Образ античного человека у Ницше также представляет собой позитивный негатив человека современного. Античный человек оценивается выше современного, но именно современный человек выступает в качестве того пункта, отталкиваясь от которого конструируется образ античного человека. Хотя молодой Ницше еще продолжает использовать язык метафизики, вопрос о первоначале уже в этот период для него разрешен в своей принципиальной неразрешимости и одновременно непригодности для жизни. С эстетической точки зрения видимость выше бытия. На этом фундаменте выстраивается собственно ницшевская концепция человека. Вместе с тем, в ранний период еще не полностью преодолено влияние Шопенгауэра, следствием чего становятся своеобразные метафизические вкрапления в философскую антропологию Ницше. Отсюда некоторая двойственность в концепции. С одной стороны, человек – это произведение искусства, художник, созидающий самого себя и утверждающий прекрасную видимость поверх ужасающей бездны бытия. Эту тенденцию можно определить как преимущественно ницшеанскую. С другой стороны, человек – это герой, отрицающий свою индивидуальность в виду утверждения Праединого (Ureine) и слияния с ним. Эту тенденцию следует охарактеризовать как шопенгауэрианскую. Оба направления Ницше проецирует на античность и античного человека. Первому направлению соответствует художник гомеровского типа, второму – Эмпедокл, прыгающий в Этну, а также гибнущий трагический герой. В первом случае преобладает аполлоническое начало, во втором – дионисийское. Наконец, Ницше выделяет еще и третий тип человека, который в наибольшей степени соответствует современному. Это теоретический человек, не аполлонический и не дионисийский, но абстрактный по преимуществу. Ученый или философ, отдающий предпочтение абстракциям. Данный образ также проецируется на античность – так формируется ницшеанская фигура Сократа и сократического человека. Последний тип Ницше связывает с разрушением и гибелью античной культуры.

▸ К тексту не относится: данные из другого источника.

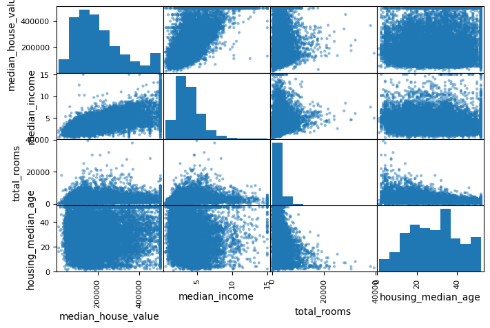 scatter_matrix(housing[attributes], figsize=(8, 5))

Отправным пунктом для формирования образа человека-художника выступает Вагнер, который, в глазах молодого Ницше, порывает с современной культурой и возрождает древнюю: «Вагнер пытается просто отбросить атлас современной культуры: его музыка имитирует древнейшую пра-музыку. Синкретическое произведение искусства подобно творению древнейшего человека, так же как предпосылкой вагнеровского искусства является древнейший дар. Нераздельный человек. Поющий прачеловек (Der ungetrennte Mensch. Der singende Urmensch)».[85] Пока у Ницше еще нет учения о сверхчеловеке (Übermensch), но есть прачеловек (Urmensch). Концепт «прачеловек» столь же трудно поддается точному определению, как и «сверхчеловек». В обоих случаях утверждается не понятие с четкими границами, но некий горизонт. Сверхчеловек ориентирует в будущее, прачеловек – в прошлое. Оба горизонта представляют собой по сути варианты отталкивания от настоящего, от неприемлемой для Ницше современности. Своего нераздельного и поющего прачеловека профессор классической филологии пытается найти в древней Греции. Но мы не сильно промахнемся, если будем искать его там, где его увидел сам Ницше: на сцене оперного театра, во время исполнения «Тристана» или «Тангейзера»…

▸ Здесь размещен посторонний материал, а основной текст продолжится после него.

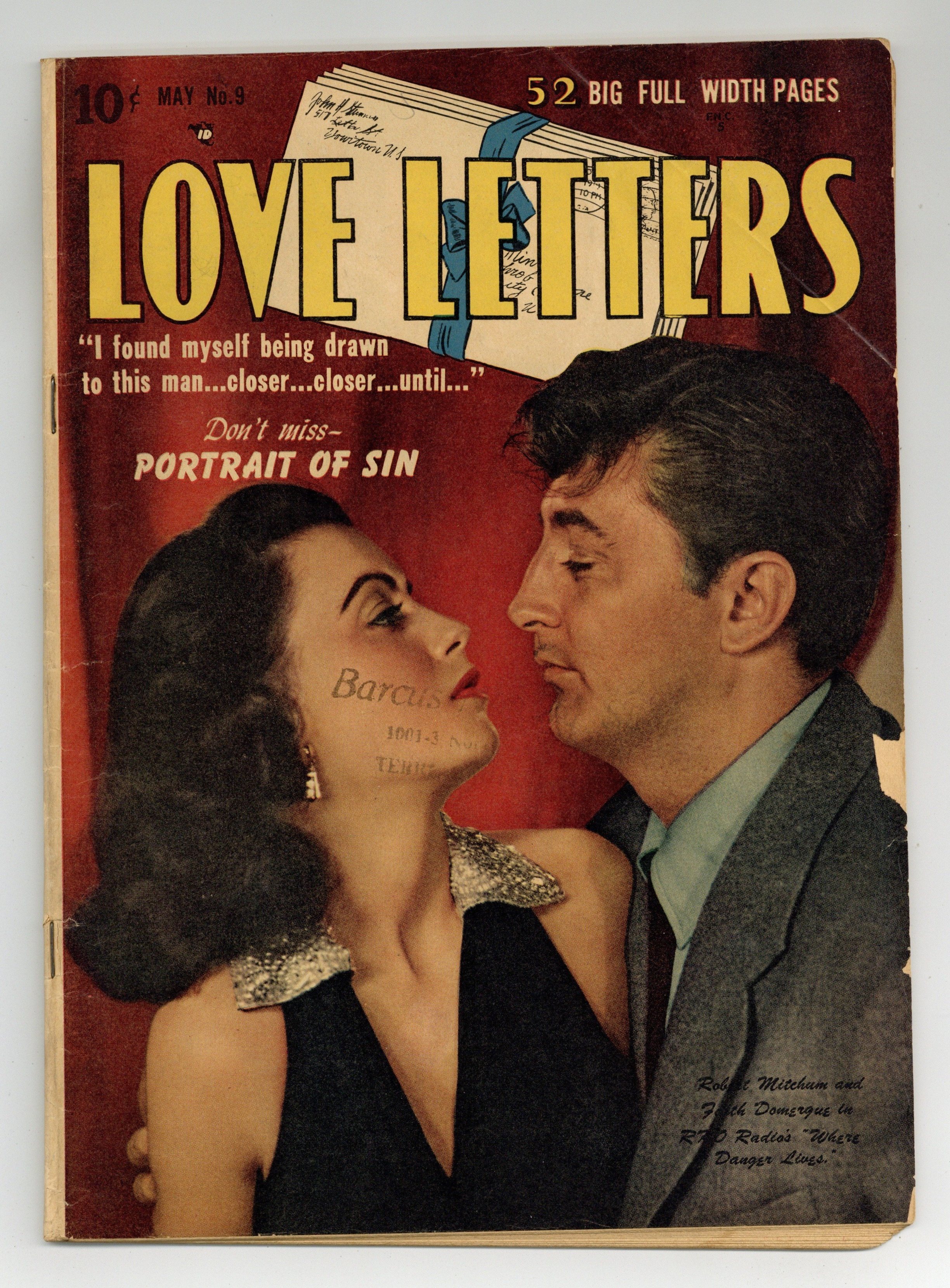 $38.00Photo cover of Robert Mitchum and Faith Domergue from the film Where Danger Lives. Stories by unknown. Art by unknown. Love letters and the revealing tales of the lovers who wrote them! In this issue: "I found myself being drawn to this man...closer...closer...until..." Don't miss "Portrait of Sin"! Plus: "Heartsick Cinderella"; "Cupid's Camera"; "Dutybound to Deceive!"; 2-page text story "Sorry, Wrong Number"; 1-pager "Be Popular with the Opposite Sex"; and "Sweetheart by Proxy"! 48 pages, full color. Cover price $0.10.

Будущая оппозиция человека и сверхчеловека предвосхищается у молодого Ницше оппозицией человека и гения: «Человек и гений противостоят друг другу (Der Mensch und der Genius stehen sich in sofern gegenüber)».[86] Значение, оправдание существования человека, как и государства состоит преимущественно в подготовке и создании условий для появления гения: «Гений как “небодрствующий, но лишь грезящий” человек, тот, как я говорил, подготовляется и возникает в человеке, бодрствующем и грезящем одновременно, имеет в полной мере аполлиническую природу».[87] Позднее существование человека будет оправдываться уже появлением не гения, но сверхчеловека. «Культ гения» будет Ницше отвергнут.

Но это в будущем. А пока Ницше еще находится под влиянием двух гениев современности – Шопенгауэра и Вагнера. У Шопенгауэра он заимствует образ великанов, общающихся друг с другом сквозь тысячелетия и не обращающих внимания на копошащихся под ногами карликов.[88] В Вагнере философ находит воплощение «всехудожника и всечеловека» – тип, к которому он относит людей «трагической эпохи», в частности, Эсхила.[89] «Всечеловек» – еще один вариант предвосхищения «сверхчеловека» (Übermensch). «Всечеловек» у Ницше стоит в одном ряду с «Allkünstler»: «всехудожником». Тем самым подчеркивается преимущественно эстетическая, художественная направленность осмысления человека: «Всечеловек» есть не кто иной, как «всехудожник», являющийся собственным творением. Молодой Ницше находил таких людей среди древних греков. Находил, потому что искал. Однако обратившись к программному трактату Вагнера «Опера и драма» мы увидим, что вдохновили Ницше на эти поиски не только и не столько древние греки.

Наряду с образом синтетического человека («нераздельного прачеловека», «всехудожника и всечеловека») у Ницше представлен другой тип человека – дионисийского. Это человек экстатический (ёкотаотд), человек, «выходящий из себя».[90] «Бытие-внесебя» (Außersich-sein) – установка, предполагающая выход за пределы положенных границ, их временное снятие или полное разрушение. Это путь трансгрессии. Имеет значение направленность этого «внесебя-бытия». В ранний период творчества трансгрессия у Ницше представляет собой путь к праединому (Ureine). Здесь еще дает о себе знать не до конца преодоленное влияние метафизики Шопенгауэра. Сквозь призму этой метафизики Ницше, на тот момент штатный профессор Базельского университета, видит греческую трагедию. Так появляется формула «победоносное поражение или поражение, ведущее к победе» (siegreiche Unterliegen oder das im Unterliegen zum Siege Gelangen): «Необходимо, чтобы трагический герой погиб от того, что приведет его к победе».[91] В следующем десятилетии Ницше даст свою ставшую хрестоматийной формулу: «Человек – это переход и гибель». Но уже сейчас еще не достигший тридцатилетнего возраста Ницше формулирует свой императив, по степени категоричности превосходящий кантовский: «поставь сам себе цели, высокие и благородные цели, и, преследуя их, погибни! (gehe an ihnen zu Grunde!) Я не знаю лучшей цели жизни, чем погибнуть во имя великого и невозможного».[92]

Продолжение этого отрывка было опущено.